But over the course of that relationship, while my bruises would come and go from the beating, my emotional wounds were beginning to come to the surface from Husband 1. Yes, being beaten was an injustice. Yes, I had rage. But I will say 1000 times with conviction and never back down from it: I will take a punch over emotional beatings any day. The bruises heal, the evidence is easy for others to see, the scars remind you that you have been mistreated. It is straightforward. It is easy to know it is wrong. It's easy to explain to yourself. It's easy to explain to others. It's uncomplicated. It's clear that it isn't your fault and nothing you could do would cause you to deserve it. At least, it was to me. It is not to everyone. Maybe it was because I was the ex-wife of a sociopath. A wife-beater seemed like the difference between Calculus and basic addition and subtraction. The wife-beater was the latter. Simple, straight forward. Again, the details and day to day emotions and rages of that time are for another day. But in general, I was a battered wife who cried and hid and felt the trauma, guilt, shame but was quietly healing at the same time. This is when I found Buddhism. This is the time I learned to forgive. This is the time I learned how to let go of anger and rage. And I found it out of necessity. I found it out of desperation. The way, I think, many people find God. I am still perfecting that practice. At that time I was a newborn deer just trying to learn how to walk in forgiveness. But I did not forget.The intense anger that bubbled below the surface in me and often seeped out of my skin like sweat started to change during that time. My black eye was just an abusive jerk who I allowed to hit me. My black heart was starting to heal. I could handle being beaten. It was just bruises. I knew I'd leave eventually. I knew it would not last forever. But then, he made the mistake of putting a tiny bruise on my son. He spanked him with such force that he bruised him. That night was a Reckoning. That was the end. To this day, I will hate him for that and that alone. That is unforgivable.

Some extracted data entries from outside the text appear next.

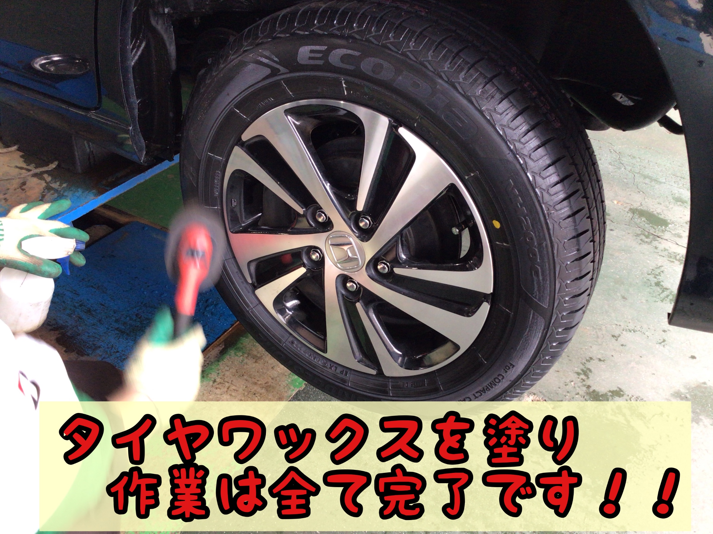 最後にタイヤワックスを塗り作業完了です★★
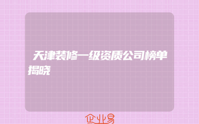 - 天津装修一级资质公司榜单揭晓
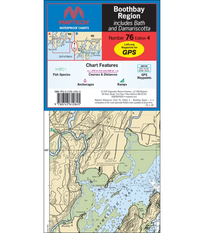 Great coverage of Boothbay and surrounding waters from Cape Small and the Kennebec River east to the Damariscotta River. Featuring waypoints, courses and distances, ramp locations, and fish species information. 24" x 36", scale 1:40,000 with insets.
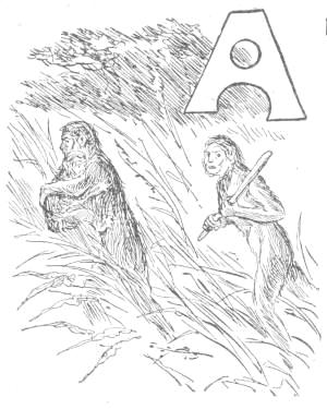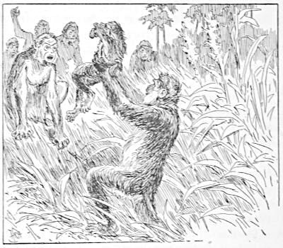 Koree started to the rescue of the woman, but, in the tangled underbrush could not find her; but, instead, he ran against a gigantic ape, which had also been startled by the cries, and, in his fright, was running about in confusion. This ape gave Koree a powerful blow with his fist, and then ran out of the swamp to where the child was playing. Seizing the child he next ran with it into the bushes and was out of sight.
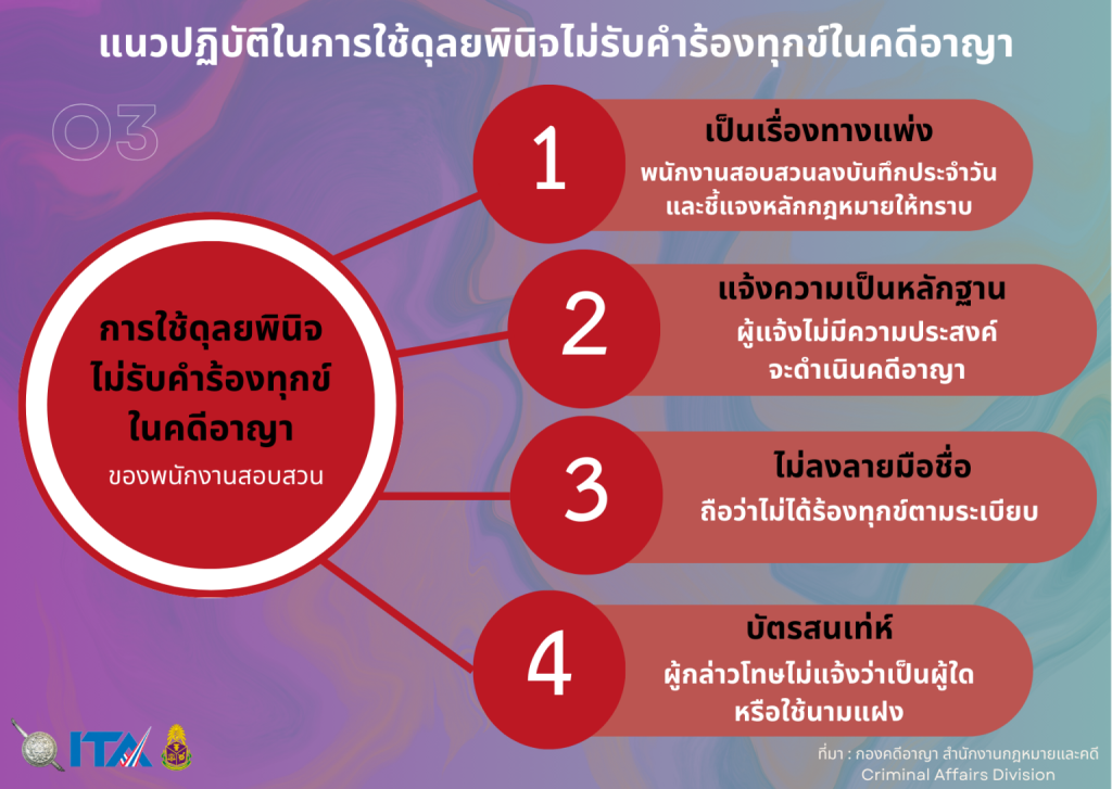 3. แนวปฏิบัติในการใช้ดุลยพินิจไม่รับคำร้องทุกข์ในคดีอาญา
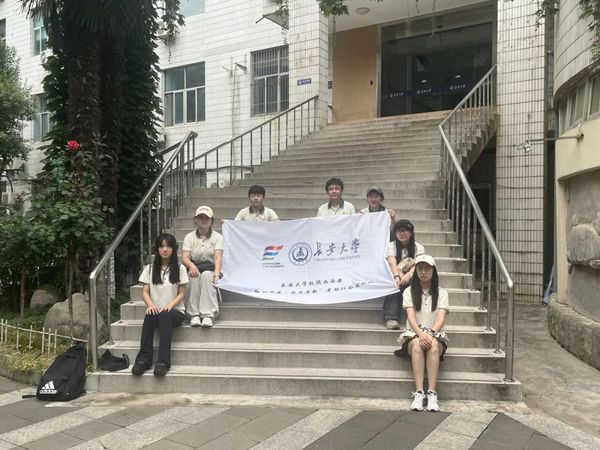 图为实践队成员结束实践后于系馆前合影
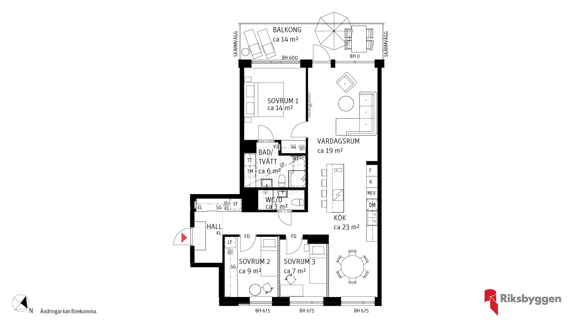 Rymlig 4:a om ca 96 kvm på femte våning. Öppen planlösning med matplats, kök och vardagsrum med utgång till balkong om ca 14 kvm. Kök med köksö för extra social umgänge, förvaring och avlastning. Sovrum 1 med ingång till bad. Sovrum 2 med skjutdörrsgarderob. Sovrum 3. Wc/dusch. Här finns möjlighet att göra om sovrum 2 och 3 till ett större sovrum eller ta bort frånvalsväggen till sovrum 3 till fördel mot en större matplats.

When I left that relationship, I was stalked for a year. Somewhere in the leaving and stalking, my youngest son was conceived.  A violent circumstance that can be inferred, but I do not wish to publish in clear words. Eventually, I fled and moved in with a man many hours away. I assumed anonymity. The man and I were very good friends. We were close. I loved him in that way. He loved me in that way as well. We considered getting married. He even game me a ring. We gave love a try. We walked the walk and talked the talk. But, in the end, we became roommates and lived in separate bedrooms and knew that we were very good friends, maybe the best. Probably still would be if his wife would let him speak to me. I do not have a laundry list of things this man did to damage me. He didn't. He gave me more friendship and security and time to heal than anyone in my life has or had. But, he was also married at the time I moved in with him. I was the "other woman" and I did not know it. Not for months. I found out accidentally. He left his family home to get an apartment with me. The only real negative thing I can say about that relationship was the he lied to me many times. But I was so incapable of trust on any level at that point that it was not that significant to me. I stopped trying to be his "fiance" because it was friendship. I stopped being his roommate because I fell in love with someone I'd already loved and Husband 2 had moved on to his second victim so I was free to return from anonymity. I was old news.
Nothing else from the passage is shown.